START Input records

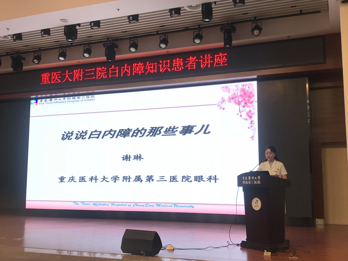 2018-08-15 00:00 2018年8月14日下午,我院眼科在学术报告厅成功举办了“白内障知识患者讲座”,国内著名眼科专家、重医大附三院眼科主任谢琳教授就“白内障那些事儿”进行了生动讲解。
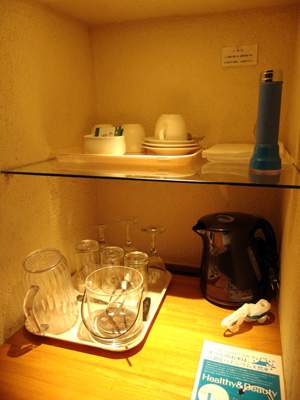 ベッドルームにはミニバー。グラスやカップが何故全て3人分がなのかが微妙に不思議でした。
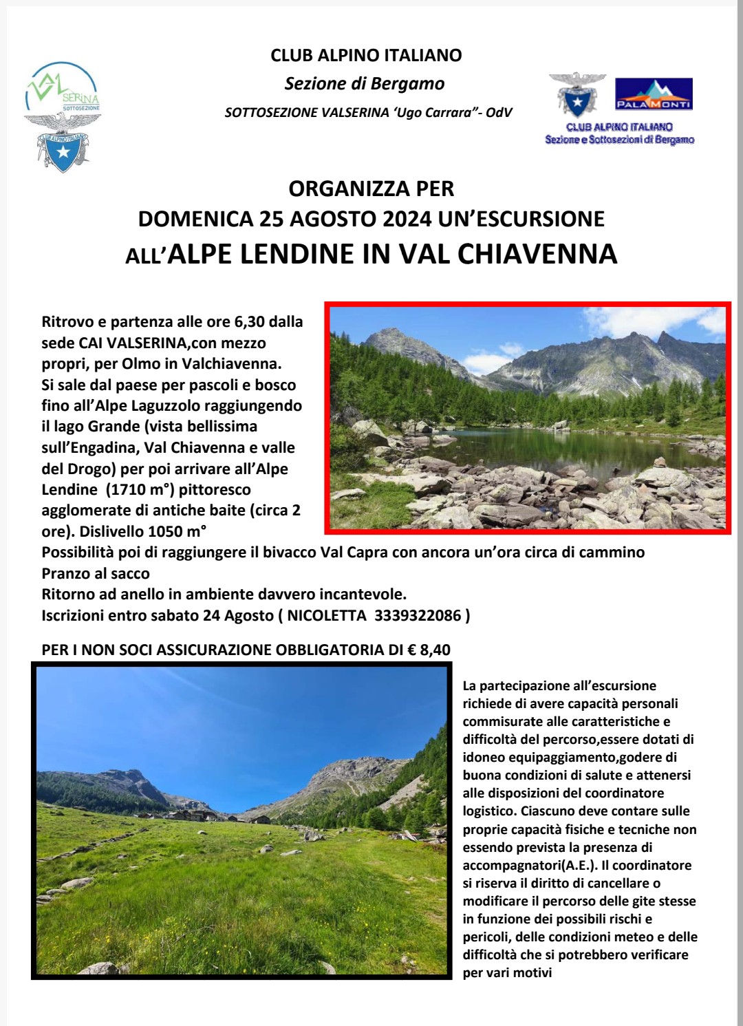 Sottosezione di Valserina Domenica 25 Agosto Cosa Uscita in ambiente Allegati Alpe Lendine 2024.pdf Quando Quando Dom, 25/08/24, Tutto il giorno Partecipare Apertura delle iscrizioni Dom, 18/08/24 - Sab, 24/08/24, Tutto il giorno Se è indicata l'ora di chiusura delle iscrizioni, questa è tassativa
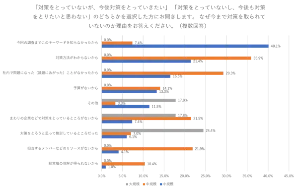 小規模の広告代理店に関しては、「今回の調査までこのキーワードを知らなかったから」という回答が40%を超え最も多く、中規模の広告代理店の理由として目立ったのが、「対策方法が分からないから」「社内で問題になった(議題にあがった)ことがなかったから」という、そもそも知らないという結果になりました。比べて、大規模広告代理店は、認知はさてれおり、「対策を検討している最中」という回答が最多でした。
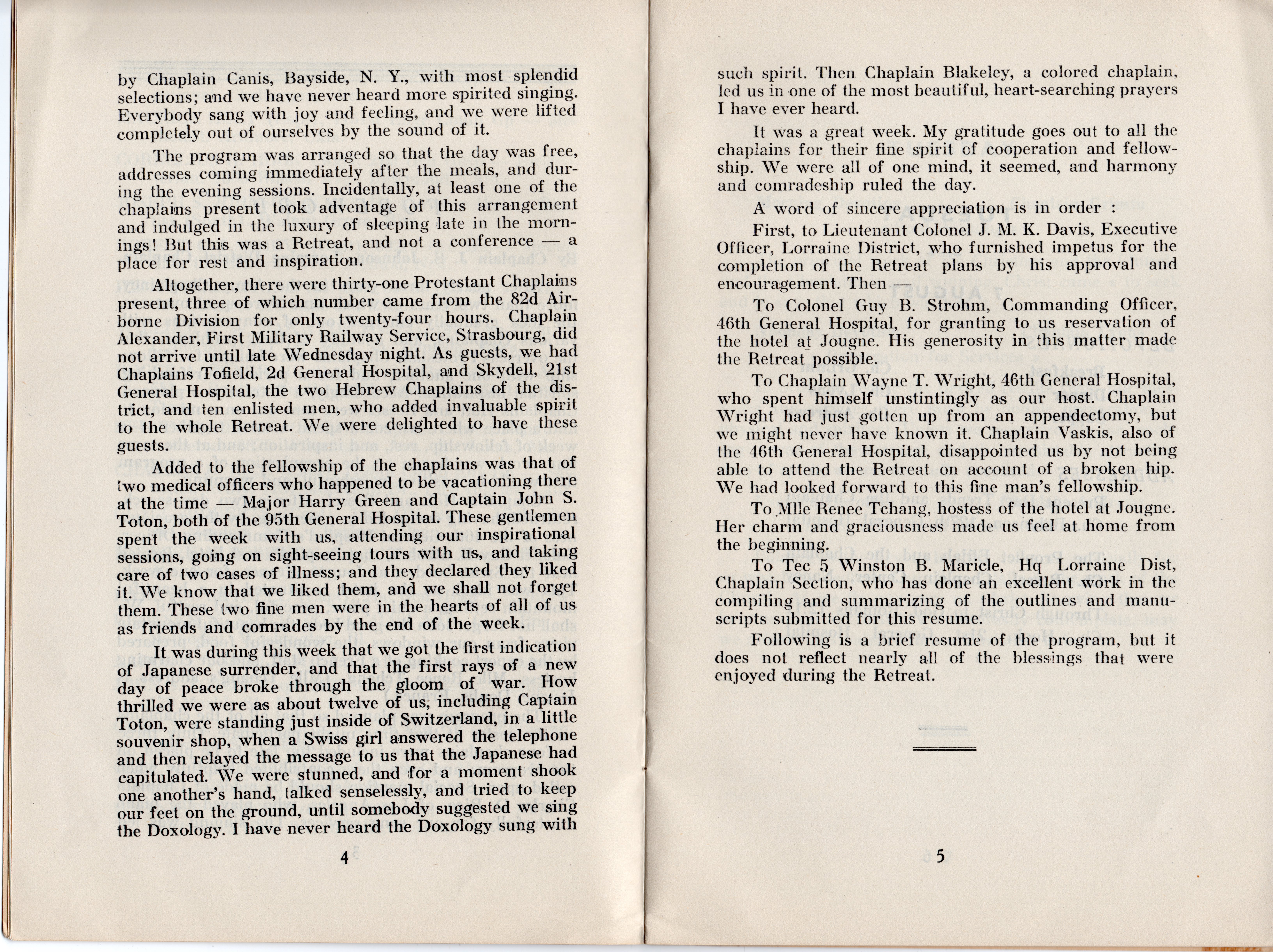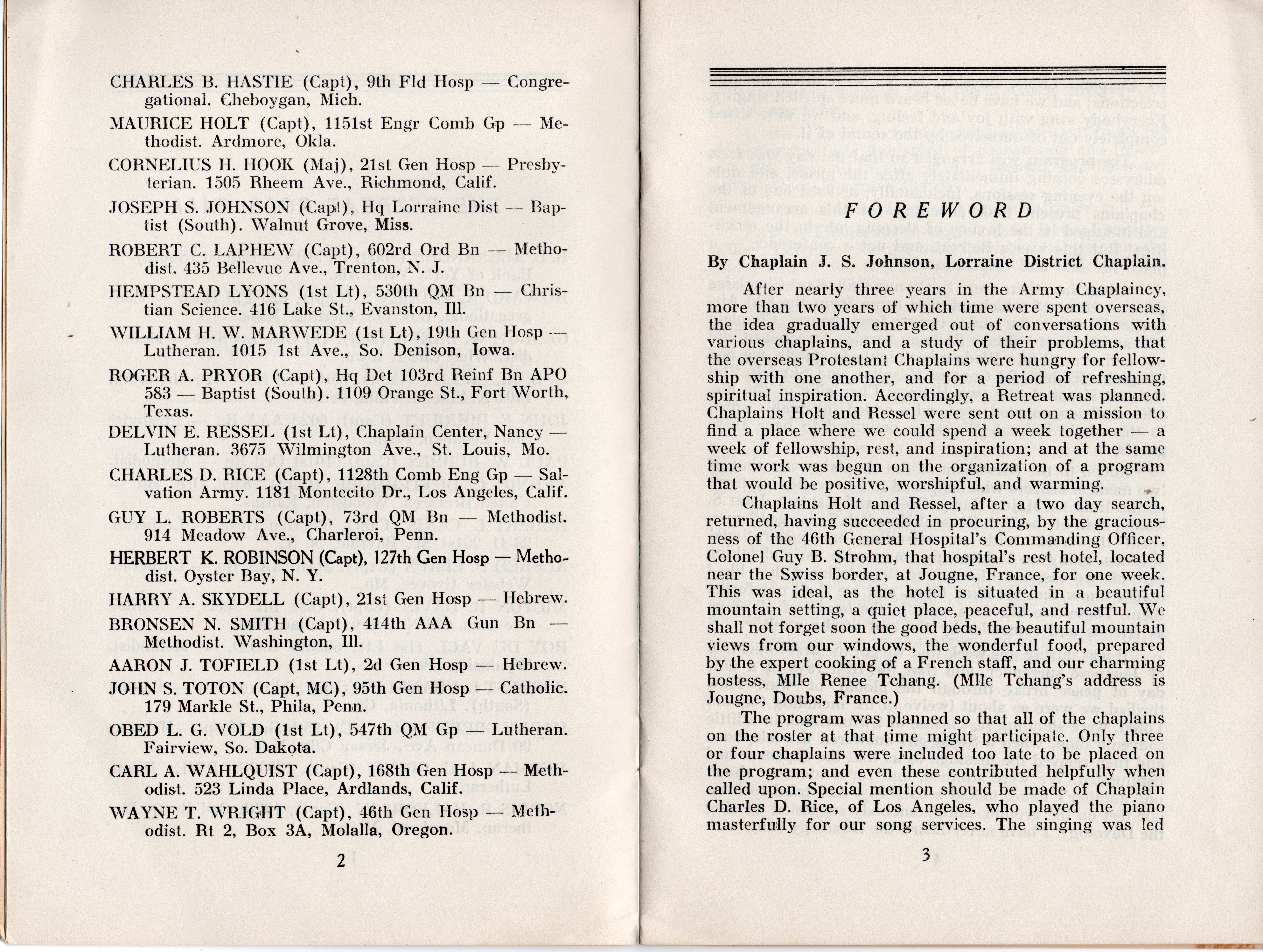 Following the end of the war in Europe, just as word was coming in about the Japanese surrender, Protestant Chaplains from the Lorraine District in France met for a time of fellowship, rest and relaxation, at the 46th General Hospital’s Retreat Center in Jougne, France on the Swiss border. Below is the booklet that was published following the retreat which has some of the remarks and devotionals given during the the chaplain’s time together.
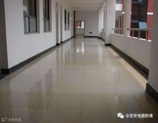 学校在装修时,大面积使用的是瓷砖,而且所选用的瓷砖一般多是抛光易清洁的瓷砖,由于这类瓷砖遇水比较易滑,而学校的教学楼、办公区、走廊、食堂等面积大,需要经常用水洗,这些区域很多又是露天或者是本身就是涉水的区域,地面经常处于湿滑状态。
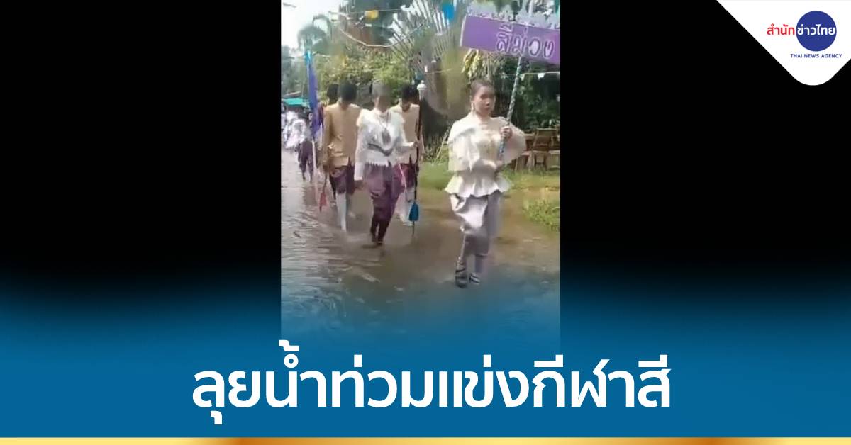 น้องๆ นักเรียนตัวเล็กๆ ก็จะมีผู้ปกครองช่วยอุ้มหนีน้ำ ซึ่งแต่ละคนจัดเต็มแต่งตัวมาอย่างสวยงาม มีทั้งดัมเมเยอร์ เชียร์ลีดเดอร์ แต่งตัวแฟนซี แต่ก็ไม่หวั่น ลุยน้ำเข้าไปในโรงเรียนให้ได้ ส่วนสภาพสนามในโรงเรียนแม้ไม่มีน้ำท่วม แต่ก็เฉอะแฉะอย่างที่เห็น แต่ก็ไม่เป็นอุปสรรคในการจัดการแข่งขันกีฬาสีของโรงเรียน.-สำนักข่าวไทย
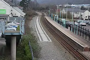 Newbridge railway station (Welsh: Trecelyn) is on the Ebbw Valley Railway and serves the towns of Newbridge and Blackwood in south east Wales. The current station is on the site of the former station and coal yard in the town centre opposite the Co-op food store and existing council car park. The single-platform station and car park is off a signalised junction on Bridge Street.
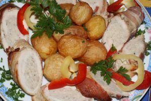 A darált húst a gesztenyemasszával, egy tojással, főzőtejszínnel, teáskanálnyi sóval és borssal elkeverjük. A húsok közepére evőkanálnyi tölteléket halmozunk. Feltekerjük, és beburkoljuk vékony szeletekre vágott szalonnával. Vékonyan kiolajozott sütőedénybe tesszük. A megmaradt töltelékből pogácsákat formázunk, és a hús mellé tesszük. Amíg a hús átpárolódik, lefedve sütjük, majd a tetőt (fóliát) levéve megpirítjuk.
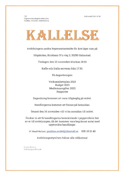Välkommen till avdelningens repskapsmöte den 22 november på Högskolan i Halmstad
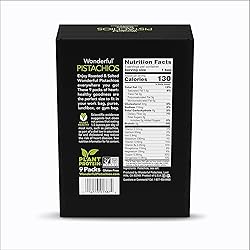 SIZE: Pack of 9 (1.5 Ounce) In-Shell – Don’t hold back on Wonderful Pistachios; Our Wonderful Pistachios are the perfect snack to have around the house and for on-the-go; These healthy snacks are the perfect, convenient pantry staple; See nutrition information for fat content FLAVOR: Roasted & Salted In-Shell Wonderful Pistachios - Our best-selling flavor for a reason; A combination of fiber, protein and fat may help to curb hunger between meals in a healthy way CALIFORNIA GROWN: Wonderful Pistachios grows all of its pistachios in California orchards, where we carefully tend and harvest them using the latest in sustainable practices. HEALTHY SNACKING: Pistachios are a healthy, protein-powered addition to any gathering - from party to picnic. Pistachios are a healthy choice for snacking on-the-go and around the house. They make for a wonderful travel snack or office snack. SIMPLY WONDERFUL PISTACHIOS: Gluten Free, Plant Based Protein, Kosher Certified, Halal Certified, and Non-GMO Project Verified. Contains tree nuts (pistachios), a good source of copper and vitamin B6.
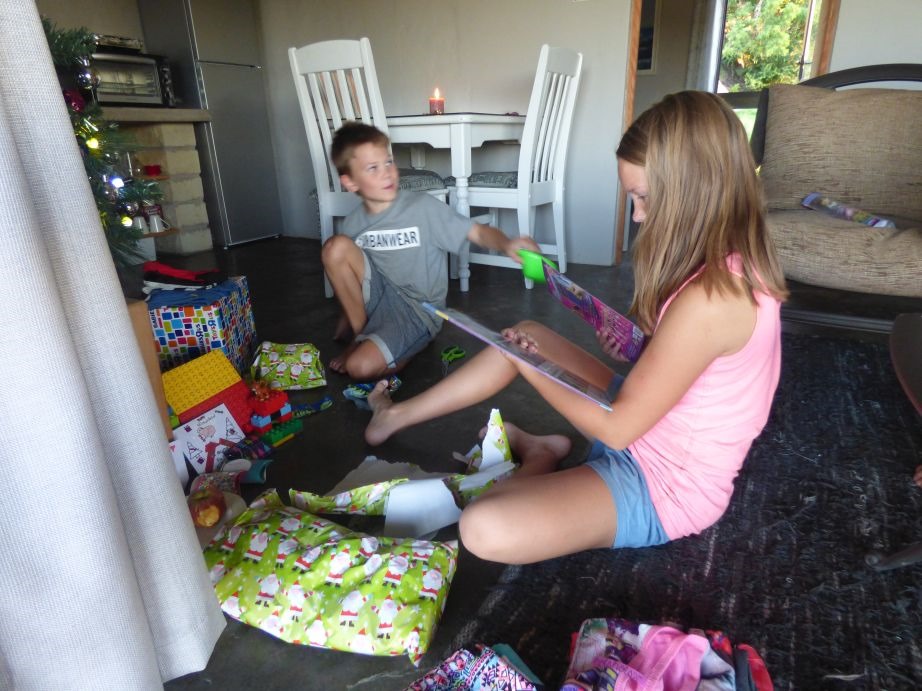 Und so haben wir dann abends um 6 Uhr bei 25Grad und strahlendem Sonnenschein Bescherung gehabt Naja – die Kinder hat es nicht gestört.
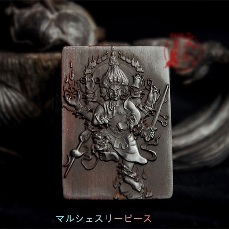 - 木彫りの仏像 烏枢沙摩明王 天然木 高密度 小葉紫檀 シタン 紫檀木(トイレの神様)お手洗い 洗面所の守り本尊 開運梵字護符「烏枢沙摩明王

END Input records

▶ _About this task_
Please copy out from the data above, without any picture, exactly the lines running from the one that holds "学校在装修时,大面积使用的是" through the one that holds "Newbridge railway station", and nothing beyond them.

▶ _Exercise answer_
 学校在装修时,大面积使用的是瓷砖,而且所选用的瓷砖一般多是抛光易清洁的瓷砖,由于这类瓷砖遇水比较易滑,而学校的教学楼、办公区、走廊、食堂等面积大,需要经常用水洗,这些区域很多又是露天或者是本身就是涉水的区域,地面经常处于湿滑状态。
 น้องๆ นักเรียนตัวเล็กๆ ก็จะมีผู้ปกครองช่วยอุ้มหนีน้ำ ซึ่งแต่ละคนจัดเต็มแต่งตัวมาอย่างสวยงาม มีทั้งดัมเมเยอร์ เชียร์ลีดเดอร์ แต่งตัวแฟนซี แต่ก็ไม่หวั่น ลุยน้ำเข้าไปในโรงเรียนให้ได้ ส่วนสภาพสนามในโรงเรียนแม้ไม่มีน้ำท่วม แต่ก็เฉอะแฉะอย่างที่เห็น แต่ก็ไม่เป็นอุปสรรคในการจัดการแข่งขันกีฬาสีของโรงเรียน.-สำนักข่าวไทย
 Newbridge railway station (Welsh: Trecelyn) is on the Ebbw Valley Railway and serves the towns of Newbridge and Blackwood in south east Wales. The current station is on the site of the former station and coal yard in the town centre opposite the Co-op food store and existing council car park. The single-platform station and car park is off a signalised junction on Bridge Street.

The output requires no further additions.